ABOUT THIS EXERCISE
The data below should be printed in full, exactly, and without any of its images.

DATA EXTRACT
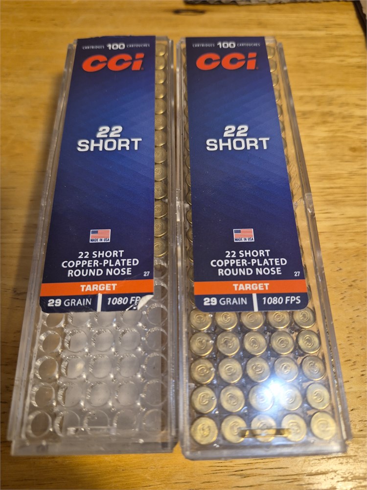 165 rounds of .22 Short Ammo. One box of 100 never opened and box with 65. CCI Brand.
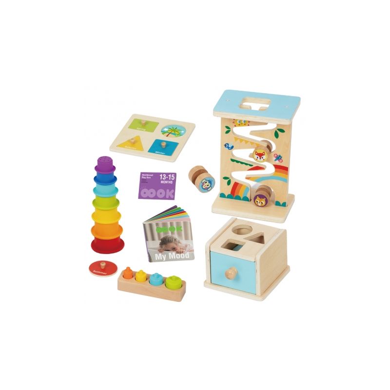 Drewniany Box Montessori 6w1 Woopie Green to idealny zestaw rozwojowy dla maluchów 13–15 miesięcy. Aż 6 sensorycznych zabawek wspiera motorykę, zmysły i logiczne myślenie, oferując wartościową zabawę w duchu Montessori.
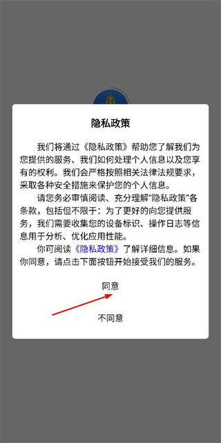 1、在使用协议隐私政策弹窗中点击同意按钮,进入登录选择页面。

RESULT OF THE TASK
 165 rounds of .22 Short Ammo. One box of 100 never opened and box with 65. CCI Brand.
 Drewniany Box Montessori 6w1 Woopie Green to idealny zestaw rozwojowy dla maluchów 13–15 miesięcy. Aż 6 sensorycznych zabawek wspiera motorykę, zmysły i logiczne myślenie, oferując wartościową zabawę w duchu Montessori.
 1、在使用协议隐私政策弹窗中点击同意按钮,进入登录选择页面。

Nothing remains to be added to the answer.